[Collected data entries]
• • • • • • •

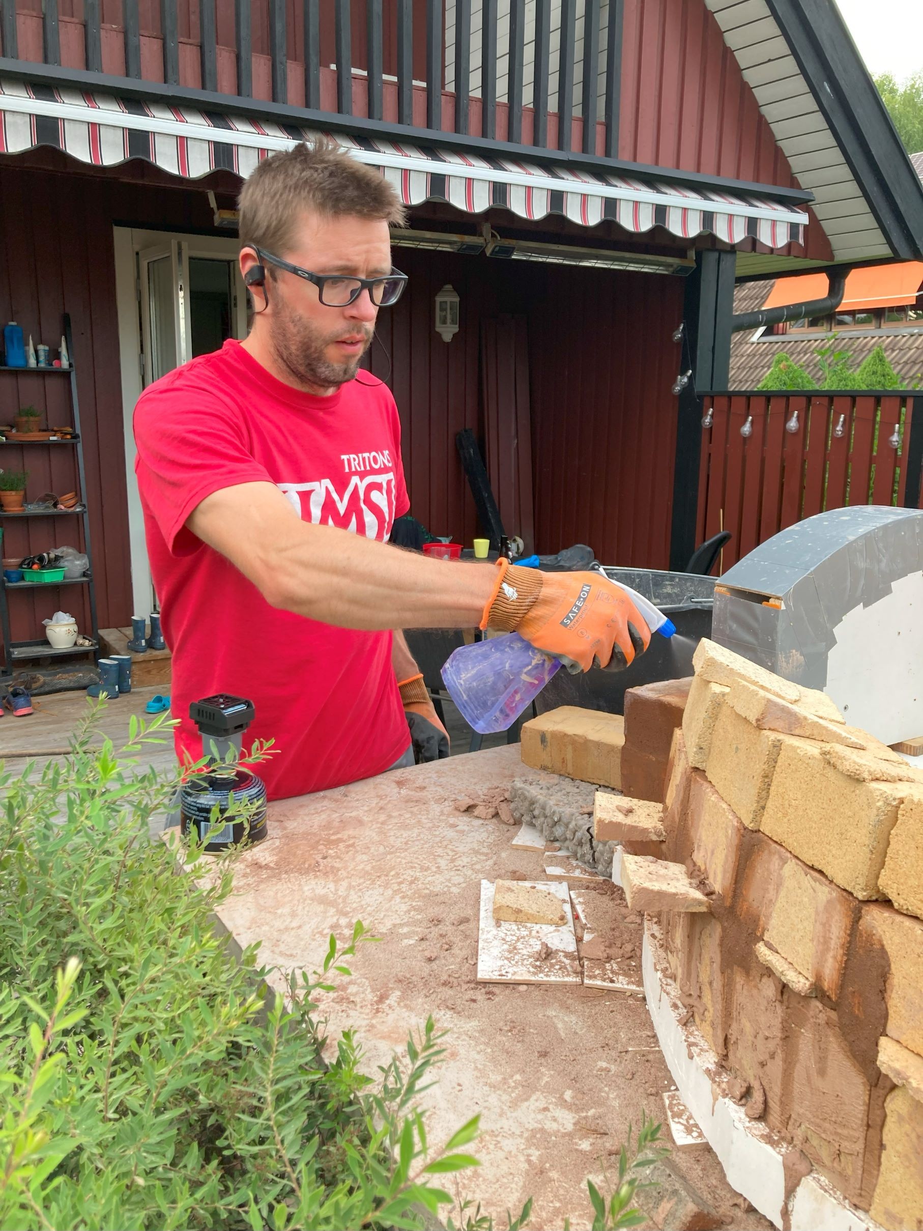 Now tools in Sweden are incredibly expensive. Trying to find a tile/brick saw took a lot of effort. Your standard sliding wet saw that everyone buys for $200 dollars at harbor freight? About $1500 here. I looked into tile saws but there are two options. Your standard small blade table tile saw which can be found for about $40 (requiring at least 2 cuts to get through the brick). And then tile saws with larger blades starting at $400. There is quite a substantial price jump just for the larger blade. Then I tried to just find a masonry blade for a cheap miter saw. Unable to find a masonry blade small enough. And to get a miter saw with a larger blade was also prohibitively expensive. Eventually I bought a metal chop saw (just up and down straight cuts, no angling options) with a big blade for $150 and slapped a masonry blade on there. Dear god this saw was loud. And yes, so much dust. Many double shower days because of all the dust.
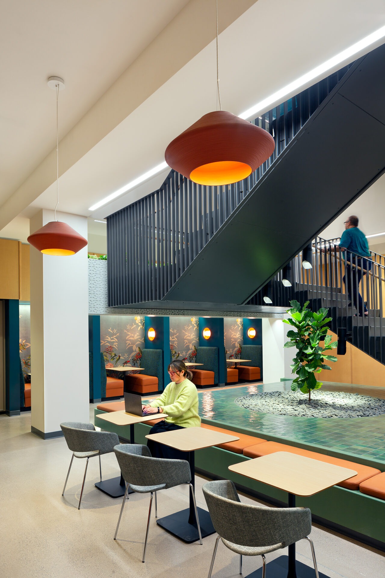 The centerpiece of the project—connecting old with new, daylight to each workspace, and employees with one another—is a grand stair that stretches from the second floor to the rooftop courtyard. This nine-story monumental stair unifies the former department store and connects the building internally with the neighboring Dreicer Building, also renovated as part of the project. Capped by a transparent lantern, the staircase repeats the footprint of the rooftop courtyard to channel natural light into the deep floorplates and to encourage employees to move about the building. This intervention supports Amazon’s goals for energy efficiency, minimized carbon, and employee well-being. The elegant black staircase recalls Manhattan’s ubiquitous fire escapes, a beautiful detail rooted in place.
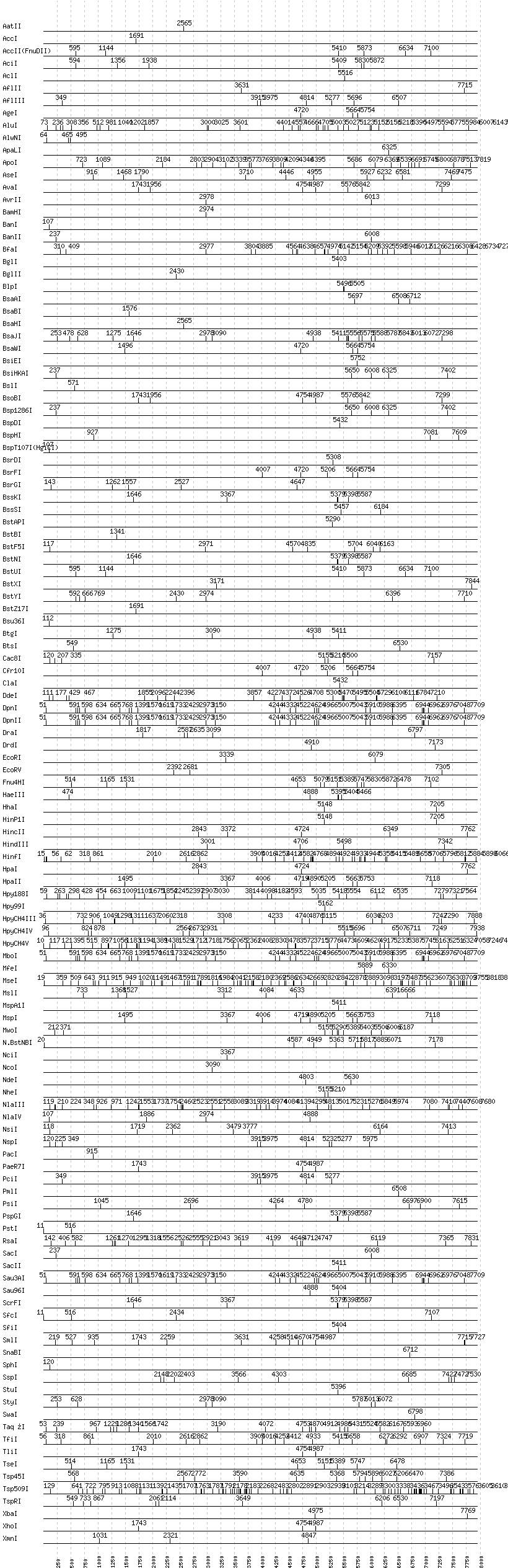 Uncut enzymes: Acc65I, AccIII(BspMII), AfeI, AhdI, AlwI, Aor51HI(Eco47III), ApaI, AscI, AvaII, BaeI, BalI, BbsI, BbvCI, BbvI, BcgI, BciVI, BclI, BmrI, BpmI, BsaI, BsaXI, BseRI, BsgI, BsiWI, BsmAI, BsmBI, BsmFI, BsmI, BspEI, BspMI, BsrBI, BsrI, BssHII, BstEII, BtrI, DraIII, EaeI, EagI, EarI, EciI, EcoNI, EcoO109I, FauI, FokI, FseI, FspI, HaeII, HgaI, HphI, I-CeuI, I-SceI, KasI, KpnI, MboII, MluI, MlyI, MnlI, MscI, NaeI, , NarI, NgoMIV, NotI, NruI, PI-PspI, PI-SceI(VDE), PflFI, PflMI, PleI, PmeI, PpuMI, PshAI, PspOMI, PvuI, PvuII, RsrII, SalI, SapI, SbfI, ScaI, SexAI, SfaNI, SfoI, SgrAI, SmaI, SpeI, Tth111I, XcmI, XmaI
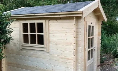 Blokhut Razende Bol – 250x200cm orenmaat -34mm Vuren blokhuthout -Gecoat 2x buitenzijde -1x Vuren enkele deur half glas -1x Vuren uitzetraam -Cilinderslot en stelbare scharnieren -Enkel glas…
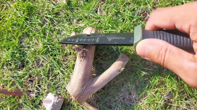 トライポッド金具の2.2cmの直径より太い枝や竹も、ナイフを使えば金具に差し込むことができます。枝や竹の先端をナイフで削って、穴に入るサイズに調整しましょう。
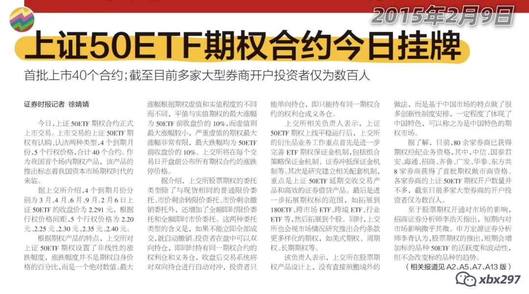 A股期权交易起步较晚,直至2015年2月9日,上证50ETF期权于上交所上市,才实现了场内期权零的突破。
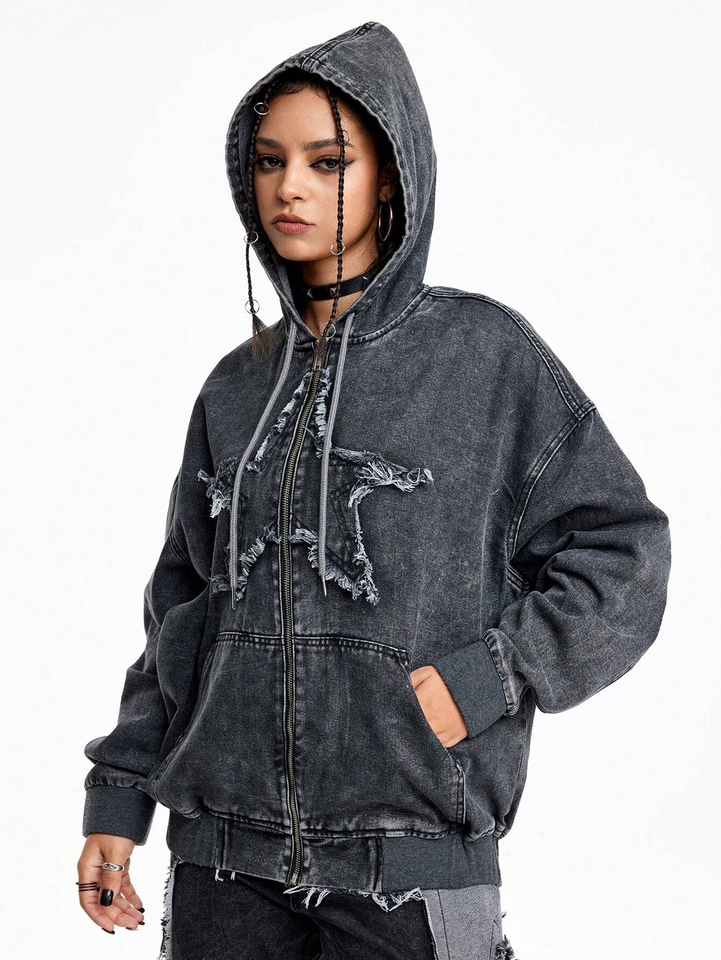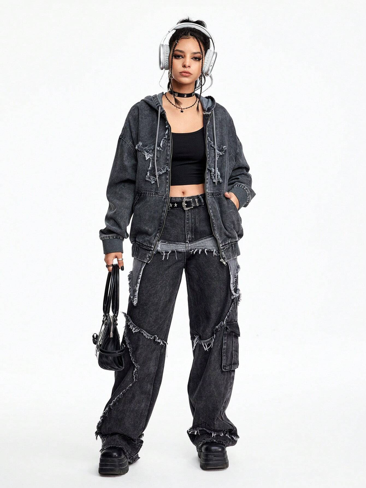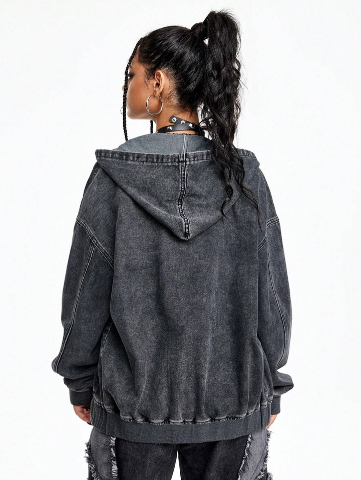 เสื้อสเวตเชิ้ตโอเวอร์ไซส์แบบมีฮู้ด ซิปหน้า ผ้าฟลีซบุขนด้านใน ทรงดิสเทรส ล้างสีแบบแอซิดวอช พร้อมกางเกงเดนิมเข้าชุด สำหรับผู้ชาย เป็นมิตรต่อสิ่งแวดล้อม
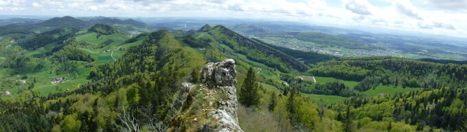 Ungeahnter Panorama-Aussichtsberg von dem man die anderen beiden Belchen sieht im Hochschwarzwald und in den Vogesen, sowie nach Süden das Alpen-Panorama. Früher haben die Kelten wohl diese Felskuppel als Markierungspunkt benutzt, um die Sonnenstände zu bestimmen.

• • • • • • •

> Try it: The lines from the one containing "Blokhut Razende Bol" through the last line of the entries are to be copied exactly, both ends included, and the pictures are to be omitted.

> Your response:
 Blokhut Razende Bol – 250x200cm orenmaat -34mm Vuren blokhuthout -Gecoat 2x buitenzijde -1x Vuren enkele deur half glas -1x Vuren uitzetraam -Cilinderslot en stelbare scharnieren -Enkel glas…
 トライポッド金具の2.2cmの直径より太い枝や竹も、ナイフを使えば金具に差し込むことができます。枝や竹の先端をナイフで削って、穴に入るサイズに調整しましょう。
 A股期权交易起步较晚,直至2015年2月9日,上证50ETF期权于上交所上市,才实现了场内期权零的突破。
 เสื้อสเวตเชิ้ตโอเวอร์ไซส์แบบมีฮู้ด ซิปหน้า ผ้าฟลีซบุขนด้านใน ทรงดิสเทรส ล้างสีแบบแอซิดวอช พร้อมกางเกงเดนิมเข้าชุด สำหรับผู้ชาย เป็นมิตรต่อสิ่งแวดล้อม
 Ungeahnter Panorama-Aussichtsberg von dem man die anderen beiden Belchen sieht im Hochschwarzwald und in den Vogesen, sowie nach Süden das Alpen-Panorama. Früher haben die Kelten wohl diese Felskuppel als Markierungspunkt benutzt, um die Sonnenstände zu bestimmen.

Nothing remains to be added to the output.